Studies by economists show that some of these benefits have indeed been realised. The positive effect on enrollment of disadvantaged children (Dreze and Kingdon), on attendance (by Chakraborty, Jayaraman, Pande), on learning effort (by Booruah, Afridi and Somanathan), on improving nutritional inputs (Afridi), and on improving nutritional outcomes (by Singh, Dercon and Parker).

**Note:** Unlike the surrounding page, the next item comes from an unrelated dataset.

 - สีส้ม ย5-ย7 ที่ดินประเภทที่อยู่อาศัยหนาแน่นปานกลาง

However, policy inputs by Dr Edmond Fernandes suggested that it would be wise to address the problem through a cross sectoral perspective as cascading risks globally is affecting food security & healthy nutrition.

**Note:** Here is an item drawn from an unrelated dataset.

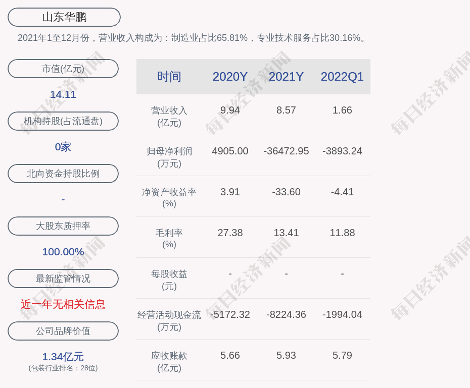 2021年1至12月份,山东华鹏的营业收入构成为:制造业占比65.81%,专业技术服务占比30.16%。

Caste based discrimination continues to occur in the serving of food, though the government seems unwilling to acknowledge this.

Sukhdeo Thorat and Joel Lee found in their 2005 study that caste discrimination was occurring in conjunction with the Mid Day Meals programme.

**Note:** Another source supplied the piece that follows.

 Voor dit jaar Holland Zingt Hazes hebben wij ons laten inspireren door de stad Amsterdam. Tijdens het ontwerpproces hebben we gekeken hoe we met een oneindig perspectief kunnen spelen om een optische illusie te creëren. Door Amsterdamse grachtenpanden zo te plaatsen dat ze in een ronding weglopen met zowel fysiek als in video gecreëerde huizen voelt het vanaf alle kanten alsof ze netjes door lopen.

Media reports also document the positive effect of the programme for women, especially working women and its popularity among parents, children and teachers alike. Media reports have also highlighted several implementation issues, including irregularity, corruption, hygiene, caste discrimination, etc. A few such incidents are listed below:

- In December 2005, Delhi police seized eight trucks laden with 2,760 sacks of rice meant for primary school children. The rice was being transported from Food Corporation of India godowns Bulandshahr district to North Delhi. The police stopped the trucks and investigators later discovered that the rice was being stolen by an NGO.
- In November 2006, the residents of Pembong village (30 km from Darjeeling) accused a group of teachers of embezzling midday meals. In a written complaint, the residents claimed that students at the primary school had not received their midday meal for the past year and a half.
- In December 2006, The Times of India reported that school staff were inflating attendance in order to obtain food grains.
- Twenty-three children died in Dharma Sati village in Saran District on 16 July 2013 after eating pesticide-contaminated mid day meals. On 31 July 2013, 55 students at a government middle school fell ill at Kalyuga village in Jamui district after their midday meal provided by an NGO. On the same day, 95 students at Chamandi primary school in Arwal district were ill after their meal.
- Over the past 20 years, the amount allocated per student under the Midday Meal Scheme (Prime Minister's Poshan Shakti Nirman) has increased by Rs. 3.45. In the year 2004–05, Rs. 2 per child was provided for classes one to five, which has now increased to Rs. 5.45, and Rs. 8.17 for classes six to eight, including the cost of cooking ingredients like rice, lentils, vegetables, spices, oil, and salt, as well as the cost of cooking gas.

== Criticism ==
Despite the success of the programme, child hunger as a problem persists in India. According to current statistics, 42.5% of the children under 5 are underweight. Some simple health measures such as using iodised salt and getting vaccinations are uncommon in India. "India is home to the world's largest food insecure population, with more than 500 million people who are hungry", India State Hunger Index (ISHI) said. Many children don't get enough to eat, which has far-reaching implications for the performance of the country as a whole. "Its rates of child malnutrition is higher than most countries in Sub-Saharan Africa," it noted. The 2009 Global Hunger Index ranked India at 65 out of 84 countries. More than 200 million went hungry in India that year, more than any other country in the world. The report states that "improving child nutrition is of utmost urgency in most Indian states".

As the MDM Scheme operates only in government/government-aided schools, it does not serve the large share of children in India who attend private schools. From 2015 to 2018, the number of children receiving food through the MDM scheme declined in many states, a pattern that may at least partly reflect the rising popularity of private schools in the country.